(GIVEN MATERIAL Opens)
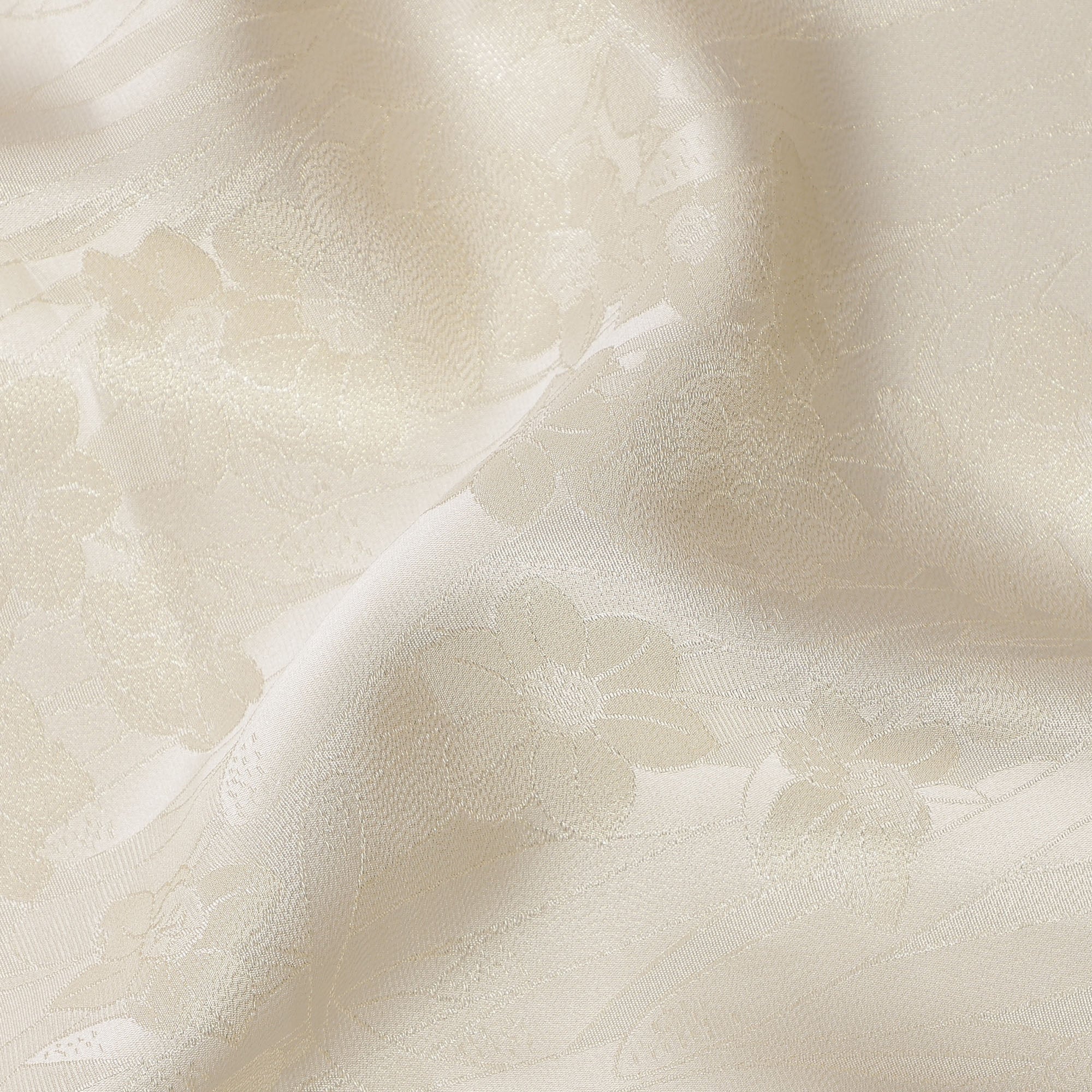Cream Floral Self-Design Pure Silk Satin Fabric 140 Cms Width Made in China-D24895
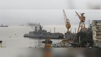 A naval chopper flies over the Mumbai naval dockyard: Reuters
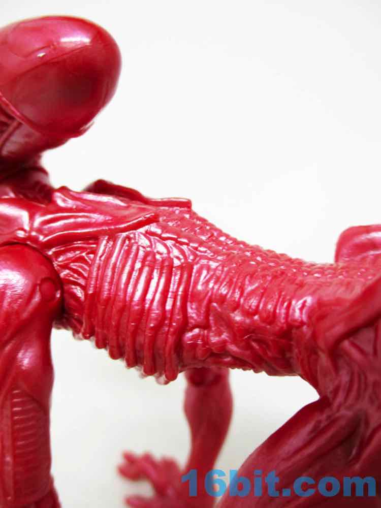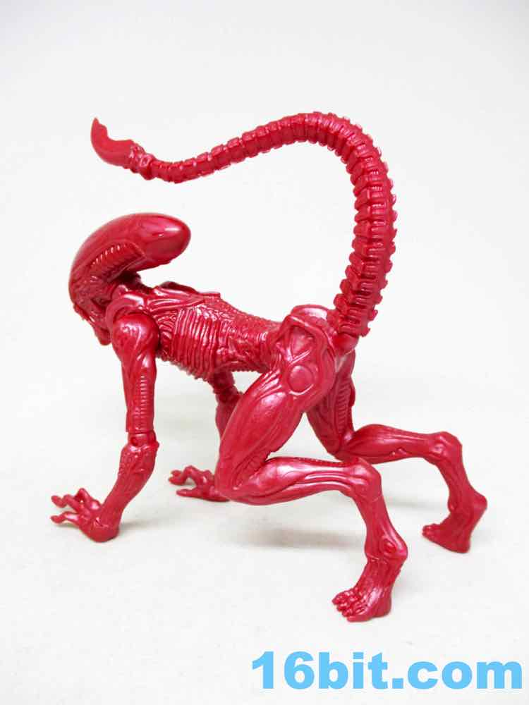 Lanard's "dogburster" or Xenomorph Runner is the selling point of this set. He's big - he might fit in with your old Kenner figures from the 1990s, and he's a weird gem of a figure. The bright red - almost pink - figure is metallic with swirls in it, which is a) gorgeous and b) the kind of thing that scares me for the long run. Swirly plastic has been known to have issues over time, and sometimes you hear they fixed it and sometimes you hear new toys crumble into dust. With 14 joints, this is a clever design - the neck, tail, and fists are all ball joints with the full range of motion. The elbows and shoulders bend-and-swivel, with the hips merely only swiveling. The range of movement is really good here, and the neck can look up and down which allows you to really make the most out of all those leg joints. You can pose this guy all kinds of ways, as long as the way is on all fours.
(GIVEN MATERIAL Closes)
Please return only the lines from the top of the data through the line with "A naval chopper", exactly as written, and drop every picture.

Cream Floral Self-Design Pure Silk Satin Fabric 140 Cms Width Made in China-D24895
 A naval chopper flies over the Mumbai naval dockyard: Reuters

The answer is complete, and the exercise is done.